BEGIN
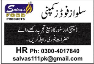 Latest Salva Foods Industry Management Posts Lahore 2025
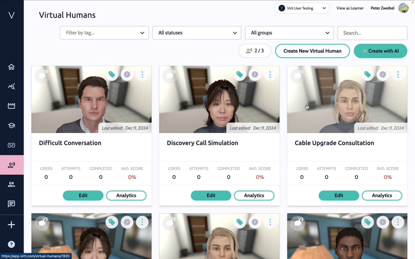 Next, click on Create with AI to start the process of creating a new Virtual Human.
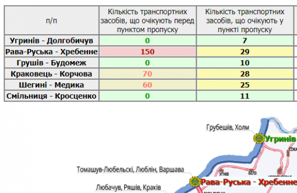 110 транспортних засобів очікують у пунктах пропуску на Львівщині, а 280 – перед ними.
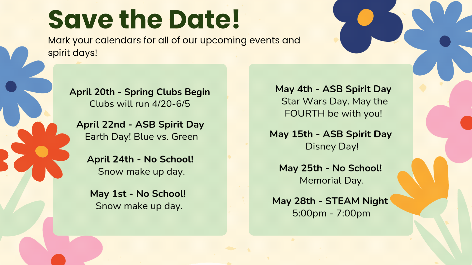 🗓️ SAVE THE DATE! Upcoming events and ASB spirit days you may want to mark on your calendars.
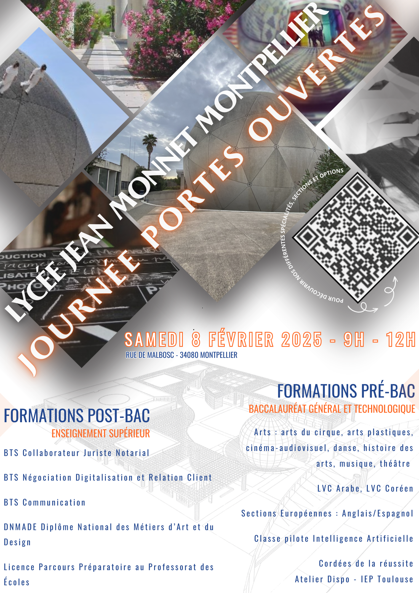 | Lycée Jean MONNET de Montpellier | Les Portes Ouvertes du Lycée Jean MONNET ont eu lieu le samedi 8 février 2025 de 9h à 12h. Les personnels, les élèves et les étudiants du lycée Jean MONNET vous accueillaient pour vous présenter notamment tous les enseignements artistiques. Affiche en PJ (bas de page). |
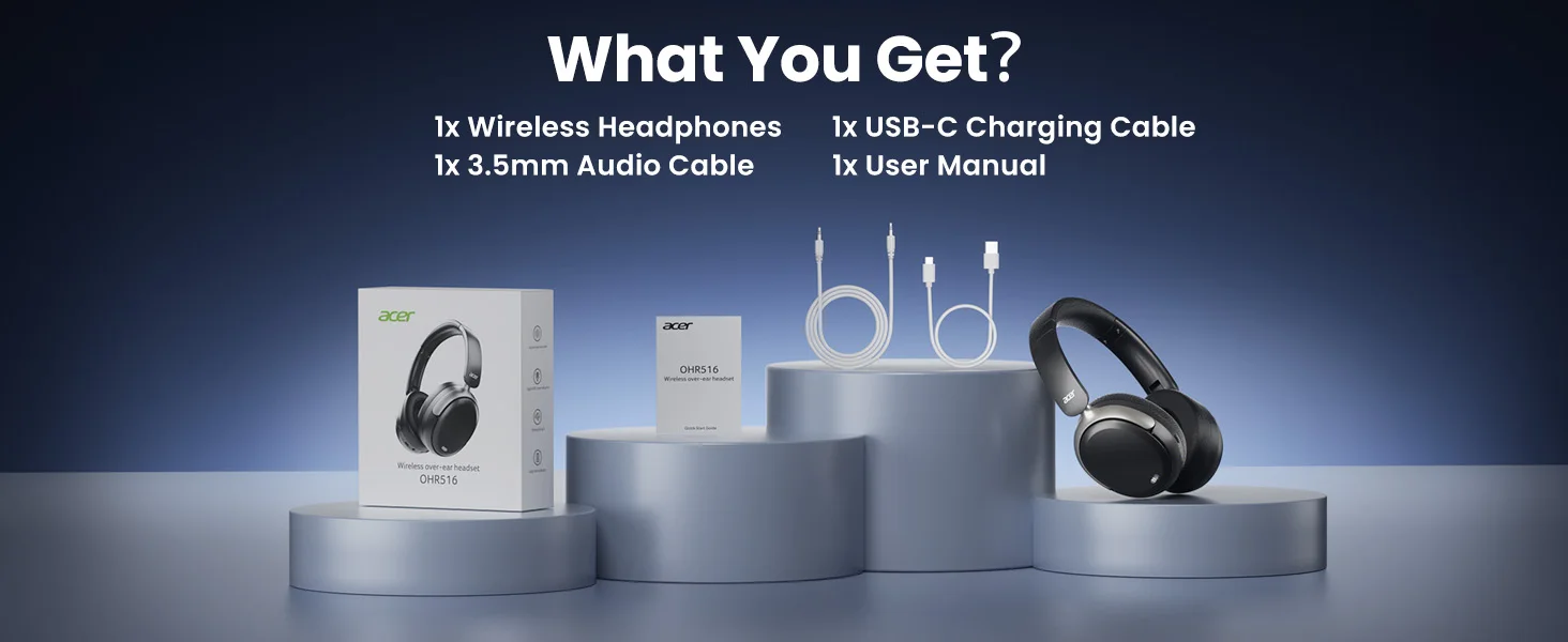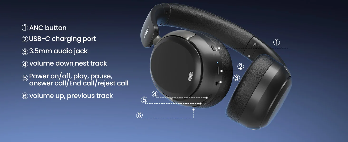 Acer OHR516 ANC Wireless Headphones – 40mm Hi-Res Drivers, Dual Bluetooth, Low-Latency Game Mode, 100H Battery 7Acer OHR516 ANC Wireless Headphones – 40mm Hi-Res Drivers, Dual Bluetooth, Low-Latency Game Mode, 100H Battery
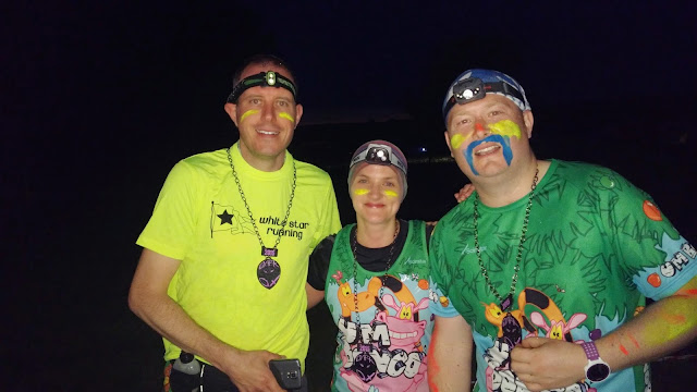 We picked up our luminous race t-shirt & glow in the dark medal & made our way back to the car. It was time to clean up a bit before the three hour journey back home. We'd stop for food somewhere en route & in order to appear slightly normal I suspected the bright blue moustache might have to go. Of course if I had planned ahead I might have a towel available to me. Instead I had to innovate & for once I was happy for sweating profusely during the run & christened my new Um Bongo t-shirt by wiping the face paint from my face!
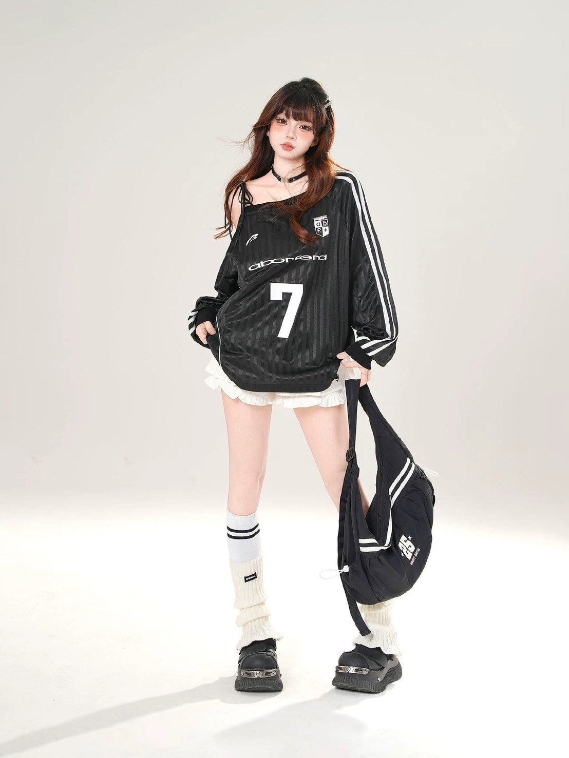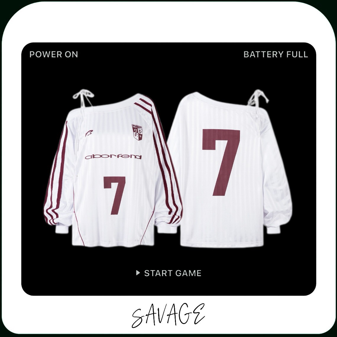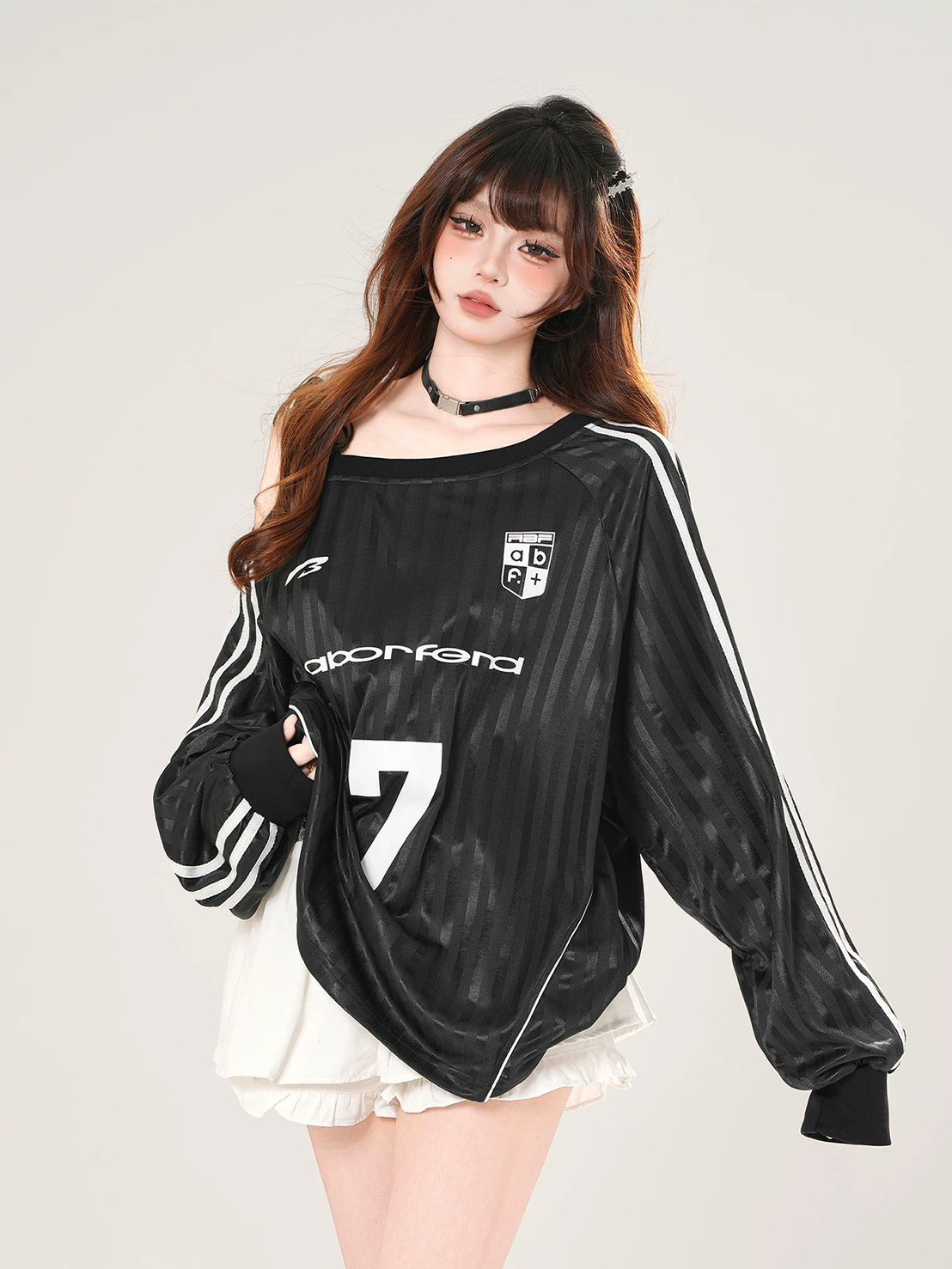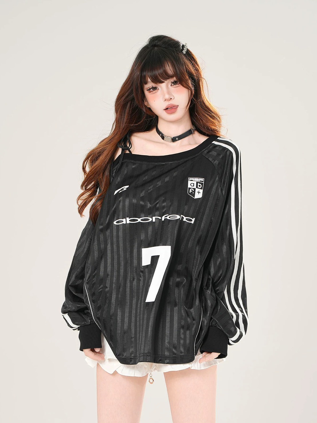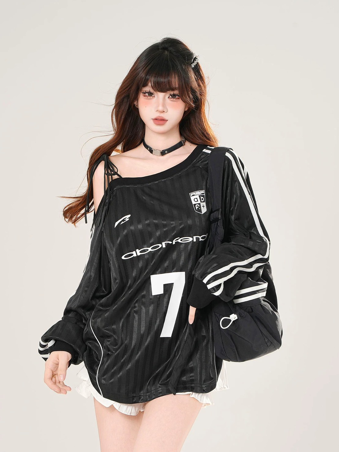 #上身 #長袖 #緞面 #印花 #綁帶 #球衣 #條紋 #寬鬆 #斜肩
END
▶ [What is being asked] The whole listing should be restated word for word, with no pictures.

▶ [Reply]
 Latest Salva Foods Industry Management Posts Lahore 2025
 Next, click on Create with AI to start the process of creating a new Virtual Human.
 110 транспортних засобів очікують у пунктах пропуску на Львівщині, а 280 – перед ними.
 🗓️ SAVE THE DATE! Upcoming events and ASB spirit days you may want to mark on your calendars.
 | Lycée Jean MONNET de Montpellier | Les Portes Ouvertes du Lycée Jean MONNET ont eu lieu le samedi 8 février 2025 de 9h à 12h. Les personnels, les élèves et les étudiants du lycée Jean MONNET vous accueillaient pour vous présenter notamment tous les enseignements artistiques. Affiche en PJ (bas de page). |
 Acer OHR516 ANC Wireless Headphones – 40mm Hi-Res Drivers, Dual Bluetooth, Low-Latency Game Mode, 100H Battery 7Acer OHR516 ANC Wireless Headphones – 40mm Hi-Res Drivers, Dual Bluetooth, Low-Latency Game Mode, 100H Battery
 We picked up our luminous race t-shirt & glow in the dark medal & made our way back to the car. It was time to clean up a bit before the three hour journey back home. We'd stop for food somewhere en route & in order to appear slightly normal I suspected the bright blue moustache might have to go. Of course if I had planned ahead I might have a towel available to me. Instead I had to innovate & for once I was happy for sweating profusely during the run & christened my new Um Bongo t-shirt by wiping the face paint from my face!
 #上身 #長袖 #緞面 #印花 #綁帶 #球衣 #條紋 #寬鬆 #斜肩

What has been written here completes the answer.